The Everyday Girl Guide to: Relationship (Priorities, Pt 2)

April 14, 2012

Previous posts in this series:

http://wp.me/p2cUhM-f

In my last post, I talked about how my priorities in relationships got all out of whack in my intense desire to have kids.

I have four kids.  They are still the sunshine in my life.  Right now, though, I don’t get to be their mom.

I never did anything terrible.  I had some anger issues for about a year.  I did a self-help counseling book and learned to direct my anger appropriately.  I was sometimes a little too persnickity about my angels being perfect.

But I was a good mom.

Until the day my husband told me to get out of our house.

Now, on his side of the ledger, I was having an emotional affair online.  I flat-out told him I was no longer interested in saving our marriage.

On my side, he hadn’t been involved in our marriage for at least eight years.  Date nights that I planned were fine, but as soon as we got back to the house, he checked out.  We spent evenings sitting side-by-side without talking.  If I called him at work (and I tried very hard to not call often), I was a nuisance.

On his side, I made vows.

On my side, he’d already broken our vows and I had chosen to forgive him.
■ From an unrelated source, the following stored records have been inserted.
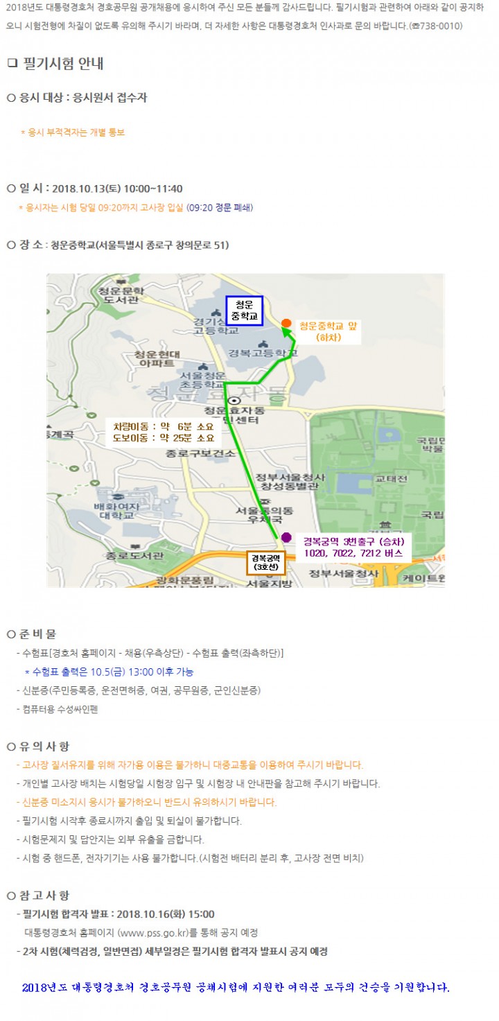 2018 대통령경호처 7급 경호공무원 공채 필기시험 안내 페이지 정보 작성자 관리자 댓글 0건 조회 1,023회 작성일 18-10-10 08:27 목록 본문 [이 게시물은 관리자님에 의해 2018-10-10 08:28:34 최근시험공고문에서 복사 됨] 이전글전남 여수시 청원경찰 채용시험 계획 공고(~11.2) 18.10.30 다음글법원행정처 법원보안관리대원(별정직, 9급상당) 경력경쟁채용시험 시행계획 공고(~10.22) 18.10.10 댓글 0 댓글목록 등록된 댓글이 없습니다.
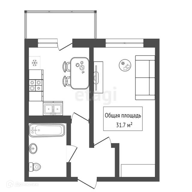 Общая площадь 31.7 м2
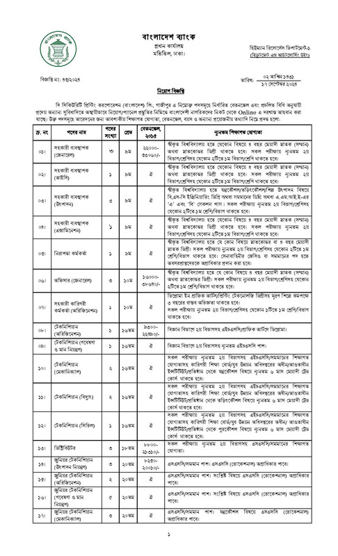 বাংলাদেশ ব্যাংক নিয়োগ বিজ্ঞপ্তি ২০২৪-1
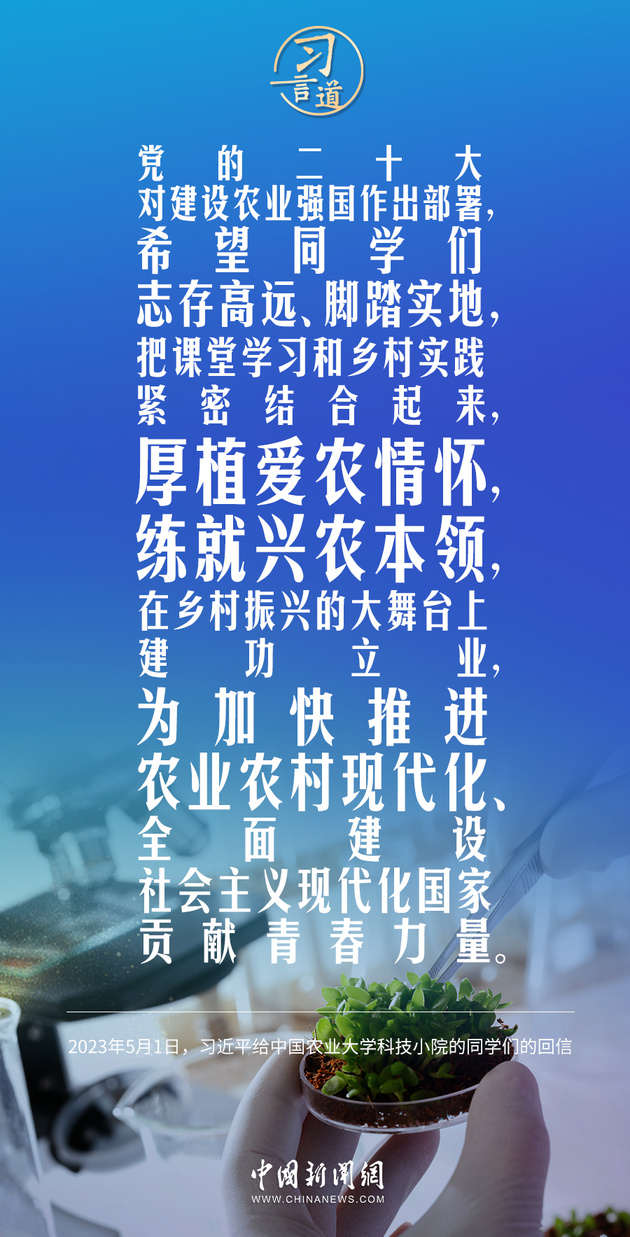 5月1日,中共中央总书记、国家主席、中央军委主席习近平在给中国农业大学科技小院同学们的回信中指出——
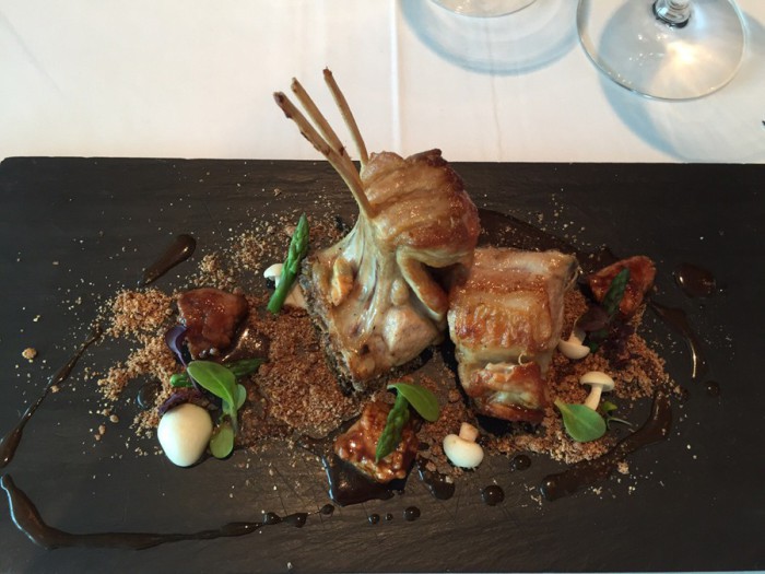 •Carré de cordero, tierra de chantarella y brotes tiernos. 23,59€
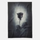 Una toalla de mano con un ilustracion macabro de un rosa negro de estilo gótico/emo con sangre goteante roja sobre sus pétalos. Un fondo de color negro gris, con un color blanco roto, que destaca este misterioso e interesante rosa de fantasía.

Equally shared fault, really, in the demise of our marriage.  I should’ve just filed for divorced, but I had this crazy idea that my kids needed both parents together more than I needed out of my marriage.  I was trying to stick it out, even as I learned to dislike the man I’d married.

When he told me to get out of the house, though, he reinforced it with a threat.  He wasn’t even living at home during the week, as his job required him to live 3 1/2 hours north.  He had already been engaged in low-key emotional abuse for about five months.

I started packing for me and the kids.

Then he dropped the bombshell.  If I took the kids, first he threatened me with kidnapping charges.  I was scared (and naive), but still kept packing.

Then he told me he wouldn’t support me if I took the kids.

That one stopped me in my tracks.  All I wanted was for my kids to be happy.  They were my priority, after all.  There was no way an unemployed woman who hadn’t held a full-time job in nine years could support four kids right out of the gate.

I was stupid.

I agreed to leave without the kids, but made him sign a note that said that I was only going to set up a home for my kids and intended to come back for them.  Then, in the worst decision of my life, I left.

And my relationships got even more skewed.